An exact copy of all the data below is needed, without its pictures.

STORED DATA.
···

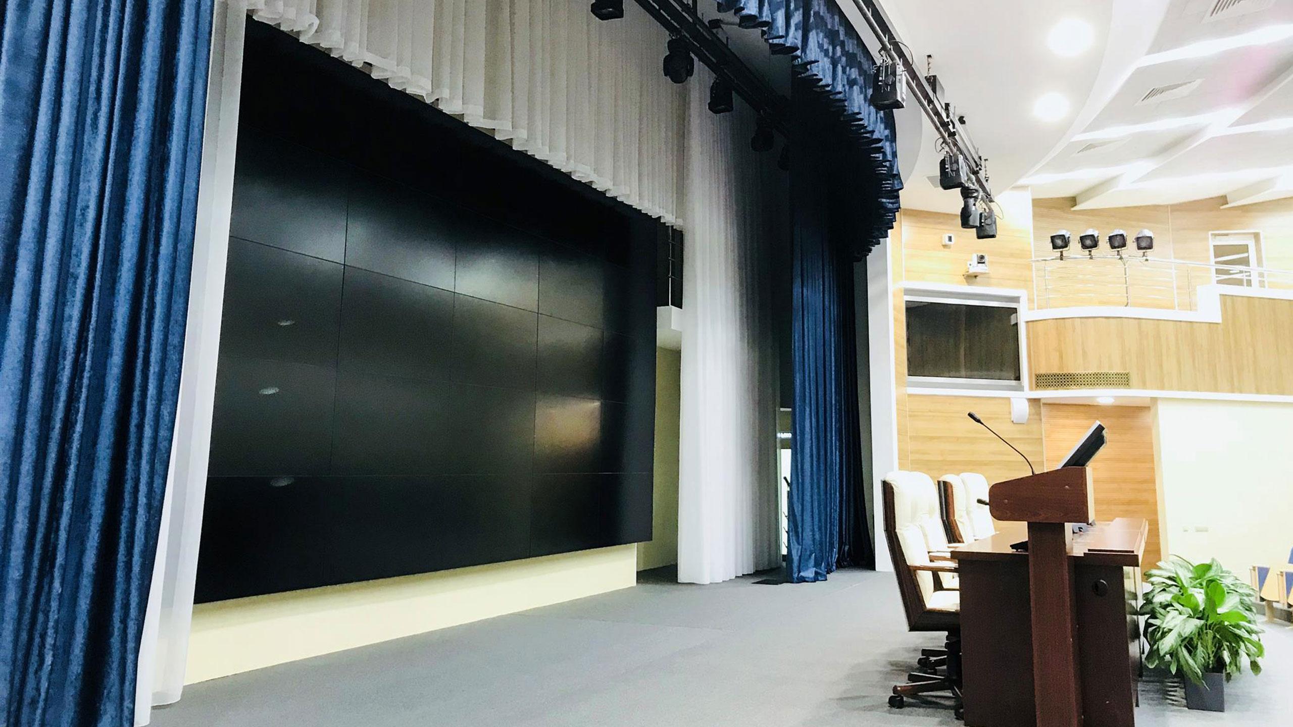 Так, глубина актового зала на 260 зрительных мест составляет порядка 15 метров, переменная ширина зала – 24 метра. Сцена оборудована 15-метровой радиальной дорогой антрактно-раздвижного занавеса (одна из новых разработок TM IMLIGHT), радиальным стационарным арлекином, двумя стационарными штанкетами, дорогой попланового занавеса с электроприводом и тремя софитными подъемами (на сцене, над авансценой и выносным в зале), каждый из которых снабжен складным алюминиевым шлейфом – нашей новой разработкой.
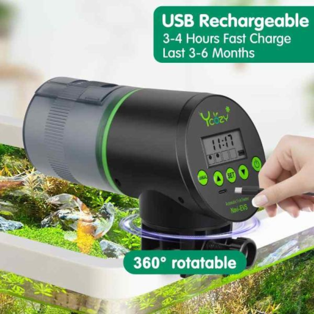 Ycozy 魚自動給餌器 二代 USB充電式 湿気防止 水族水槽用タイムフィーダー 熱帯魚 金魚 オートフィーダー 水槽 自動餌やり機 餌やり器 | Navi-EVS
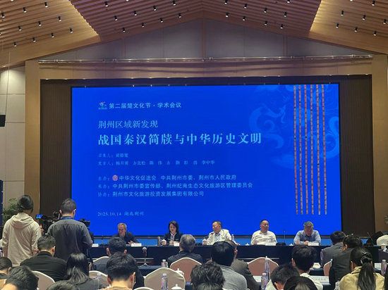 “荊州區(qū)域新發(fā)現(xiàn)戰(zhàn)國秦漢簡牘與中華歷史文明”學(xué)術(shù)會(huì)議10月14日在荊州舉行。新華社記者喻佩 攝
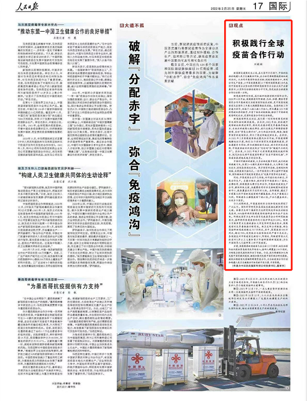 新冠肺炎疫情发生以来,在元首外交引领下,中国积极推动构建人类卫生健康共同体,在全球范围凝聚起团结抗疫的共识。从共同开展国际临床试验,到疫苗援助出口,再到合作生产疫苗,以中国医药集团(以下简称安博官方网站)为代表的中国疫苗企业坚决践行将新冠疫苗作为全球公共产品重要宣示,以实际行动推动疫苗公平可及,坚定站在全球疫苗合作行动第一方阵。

···

TASK OUTPUT.
 Так, глубина актового зала на 260 зрительных мест составляет порядка 15 метров, переменная ширина зала – 24 метра. Сцена оборудована 15-метровой радиальной дорогой антрактно-раздвижного занавеса (одна из новых разработок TM IMLIGHT), радиальным стационарным арлекином, двумя стационарными штанкетами, дорогой попланового занавеса с электроприводом и тремя софитными подъемами (на сцене, над авансценой и выносным в зале), каждый из которых снабжен складным алюминиевым шлейфом – нашей новой разработкой.
 Ycozy 魚自動給餌器 二代 USB充電式 湿気防止 水族水槽用タイムフィーダー 熱帯魚 金魚 オートフィーダー 水槽 自動餌やり機 餌やり器 | Navi-EVS
 “荊州區(qū)域新發(fā)現(xiàn)戰(zhàn)國秦漢簡牘與中華歷史文明”學(xué)術(shù)會(huì)議10月14日在荊州舉行。新華社記者喻佩 攝
 新冠肺炎疫情发生以来,在元首外交引领下,中国积极推动构建人类卫生健康共同体,在全球范围凝聚起团结抗疫的共识。从共同开展国际临床试验,到疫苗援助出口,再到合作生产疫苗,以中国医药集团(以下简称安博官方网站)为代表的中国疫苗企业坚决践行将新冠疫苗作为全球公共产品重要宣示,以实际行动推动疫苗公平可及,坚定站在全球疫苗合作行动第一方阵。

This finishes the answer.